Thursday, November 24, 2011

The Beard Cutting Gang

The indictment of seven men from Sam Mullet's Amish splinter group provides a few more details on the bizarre actions of Mullet's beard-cutting thugs. To quote the Times:

The distinctive beards worn by married Amish men, and the uncut hair that married women keep rolled in buns, are treasured symbols of religious identity, and the attacks appeared intended to inflict public humiliation. . . .

In at least four violent attacks over the last few months, groups of men from Mr. Mullet’s compound held men down to shear their beards with scissors and battery-operated clippers, according to the authorities. In one case, they said, several of Mr. Mullet’s nephews also hacked off the hair of their own mother — Mr. Mullet’s sister — who had fled the compound years earlier.

It seems there have actually been several other such attacks, but the Amish, famously reluctant to get involved with the state, refused to cooperate with the sheriff in investigating them. Now, though, Mullet's boys have gone so far that witnesses are coming forward.

What on earth is this about? It seems that the attacks are "religiously motivated," as the sheriff put it, Mullet's own way of enforcing discipline on Amish that he thinks are straying from the path. 'You don't obey the law, you're punished, and it's the same way with the church,' Mullet is supposed to have said. Some of the stories coming out now make Mullet seem like a typical cult leader:

A former member of the Bergholz Clan - the group thought to be behind the beard cutting - has spoken out against them, claiming that leader Sam Mullet rules the cult with an iron fist and said he wouldn't be surprised if it ended in mass suicide or some other tragedy.

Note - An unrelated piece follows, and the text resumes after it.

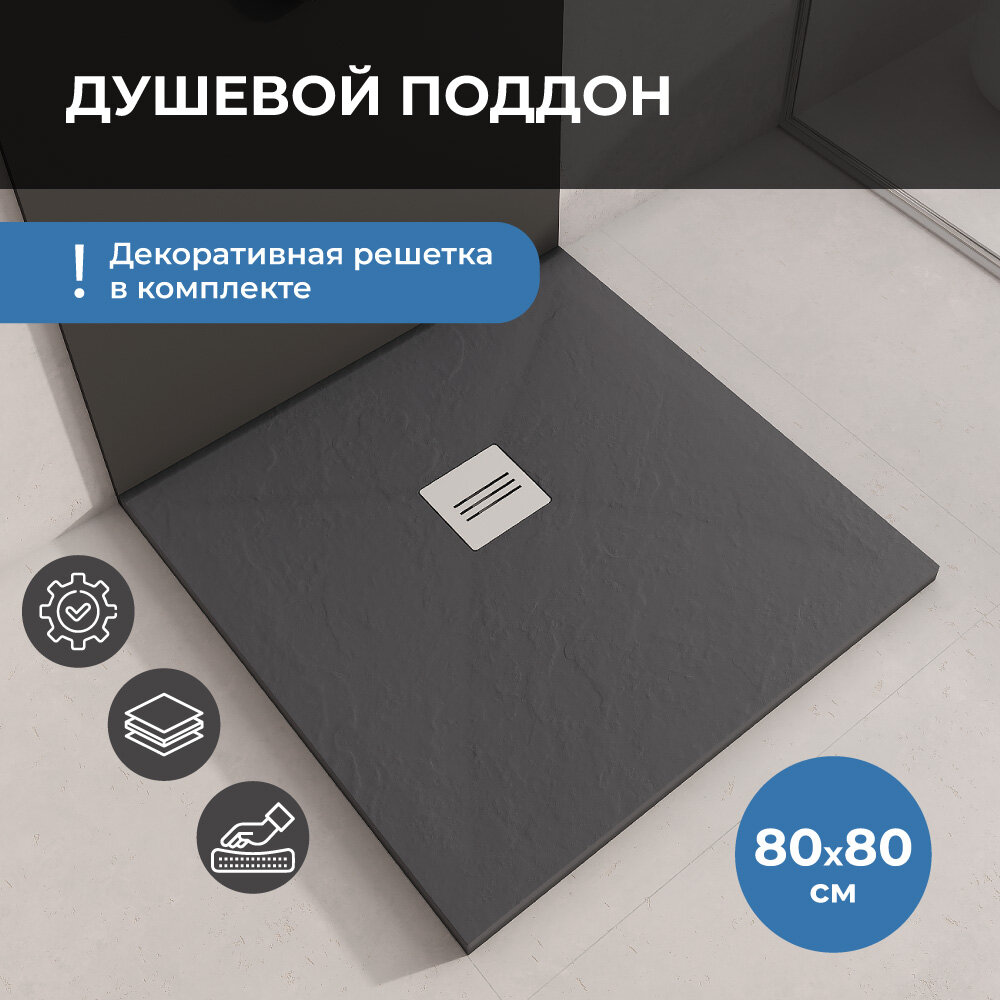 Премиальный поддон для душа INRAIN из искусственного камня квадратный 80х80х2,5см Графит с решеткой на сифон

The man, who did not want to be named, told WKYC that Mullet moved to Bergholz about 15 years ago with around 120 member who all have to live by his rules. . . .

'I have enough inside information that I have no question if something is not done, there will be people that get hurt.'

The former member says there were forced beatings, pitting one member against another and there are heavy punishments when members disagree with bishop Mullet. He said: 'He would take the wife from the man. The wife would have to go and live with Sam. The husband of that wife would have to go to the chicken coop or out in the barn in the middle of the winter, sometimes day and night.'

Arlene Miller, whose husband Myron Miller had his beard cut off by the gang earlier this month, said she heard many stories about the 'brainwashing, the beatings, the locking up, and the women he is using'.

Arlene Miller said she and her husband helped one of Mullet's sons - Bill - escape from the clan and believes that may have been one of the reasons why he was attacked.

The Times has some of the same stories:

Former residents of Mr. Mullet’s compound said he exerted iron control over the settlement of 120, many of them his relatives, sometimes imprisoning men in a chicken coop for days or beating them. Former residents also said that Mr. Mullet had sex with married women in the community “to cleanse them of the devil,” according to the F.B.I. affidavit.

Of course these sorts of stories get passed around about all groups of people who live in compounds and don't get along with their neighbors, and the Amish can gossip as viciously as anyone else. But surely there is something very strange behind the appearance of an Amish beard-cutting gang.